Признаться, фраза эта меня несколько смутила.
- У тебя, что ещё бабушка жива? – Поинтересовался я.
- Да, Бог с тобой, эт я так жену свою Марью зову.
- Так пускай живёт сто лет, да нас ещё переживёт, - пожелал я.
- Нет, - сказал дед очень серьёзно. – Нельзя мне первому помирать-то.
- Пошто так то? – Спросил я, подстраиваясь под его манер.
- Плоха она у меня совсем, стала, - дед горько вздохнул, налил и выпил, не
закусывая.
- Сын у нас был, Юрко. Единственный. Думали, опорой нам в старости-то будет.
Иван Григорьевич снова налил, выпил и закурил.
- Убили Юрка, - шёпотом произнёс он и отвернулся. Тяжёлая, давящая тишина нависла над раздевалкой. Мужики, сидевшие по-соседству и ставшие невольными слушателями, тоже приумолкли. И, словно стесняясь за эту, всеобщую неловкость, дед, быстрым движением вытер глаза ладошкой и продолжил:
- Шёл домой после получки, выпимши был. Убили бандюки. К нам потом из милиции
приходили, всё выспрашивали. Да кого там, найдут они, ага, - жди. А Марьюшка моя враз и обезножела. Как узнала, - закричала, упала, долго не в себе была. Потом отошла маненько, ан ноги-то не держат. Вот, почитай восемь годков на руках ношу, - Иван Григорьевич выставил перед собой руки, ладонями вверх.
– Всё плачет, плачет, сердешная. Всю жизнь ведь учителем проработала. Местные-то, поди
все у неё учились. Мается бедная, что Юркиных убийц уму-разуму сама может, учила. Все глаза выплакала. У окошка целыми днями сидит, всё Юрка с работы дожидается. Когда бывает, исть позову, так она говорит, мол Юрка дождёмся, потом вместе и покушаем. Не в себе стала, Марьюшка-то моя. Так уж мне жалко её. Порой погляжу, и сердце всё разрывается. Так скажи, можно ли, мне первому умирать? Она-то, что делать будет? Кто ей воды подаст, помоет кто, покормит? Эвон! Вся надёжа только на меня и есть. Сорок пять годков вместе, как один день. За что ей такие муки, коли и я помру. Не-ет, никак нельзя мне первому... Жалко мне Марьюшку мою. Одна она у меня.

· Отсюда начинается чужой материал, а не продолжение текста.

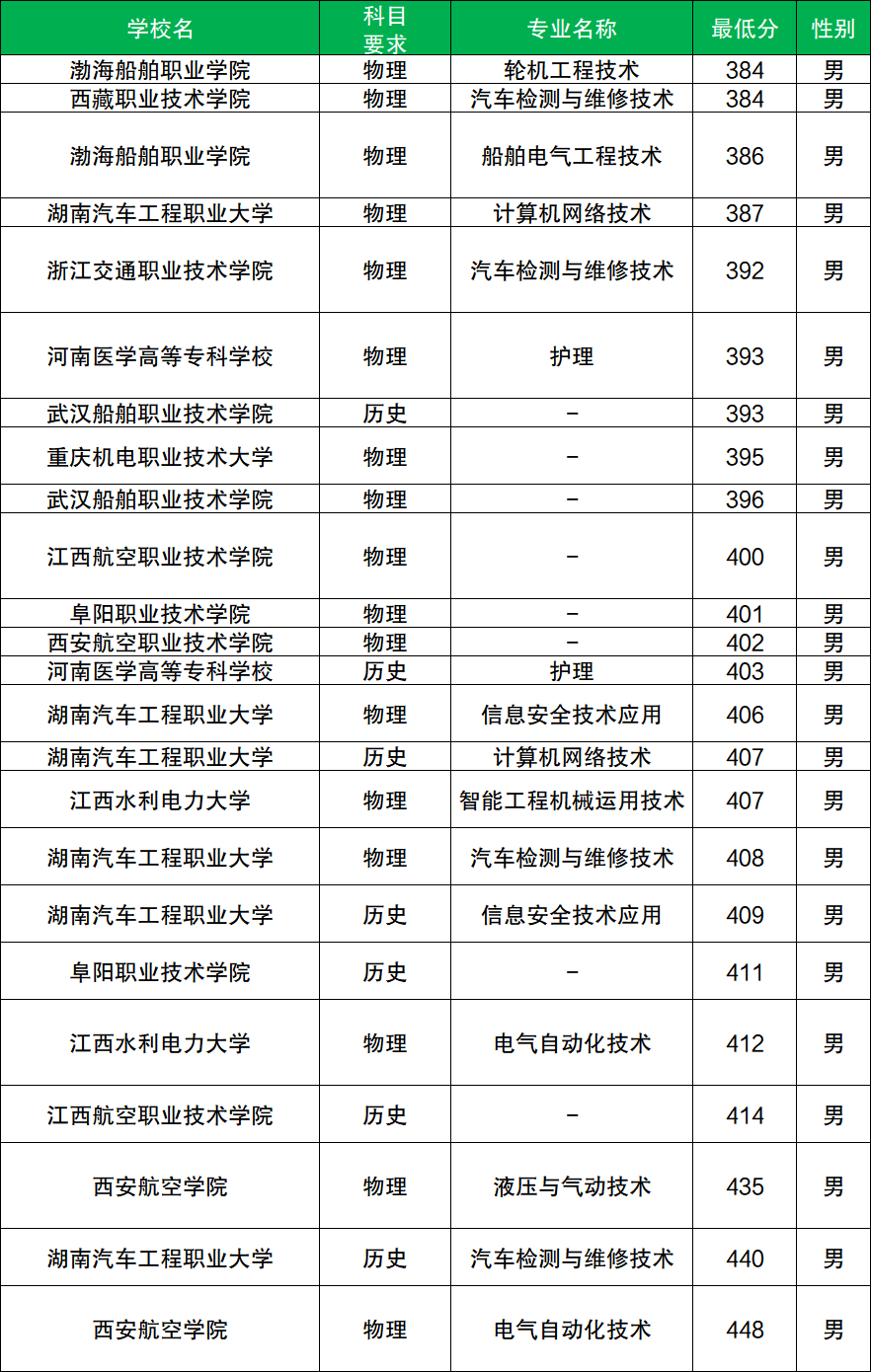 江西航空职业技术学院:物理类最低400分、历史类最低414分

Старик замолк и долго сидел, думая о чём-то своём. Потом оделся, попрощался со всеми
и вышел, плотно прикрыв за собой дверь. Я невольно посмотрел ему вслед. Обут он был в серые валенки с калошами, которые протёрли на задниках изрядные дыры. Видно было, что когда-то их зашивали, - даже остались обрывки ниток. Истончённые края войлока, жалко свисающие над чернотой дыр, почему-то резанули меня сильнее остро отточенной бритвы. Я сидел и смотрел завороженно на эти валенки, и мне казалось, что они, двигаясь, сами по себе, переступят сейчас тяжело через порог и сами за собой плотно прикроют дверь. Старая кроличья шапка, выношенная на сгибах до лоснящейся кожи, едва прикрывала его крупную голову. На фоне широких, подбитых ватой плеч его видавшего виды пальто, изборождённая неровными линиями старческих морщин, шея Ивана Григорьевича казалась неестественно тонкой и слабой. Но голову он нёс прямо.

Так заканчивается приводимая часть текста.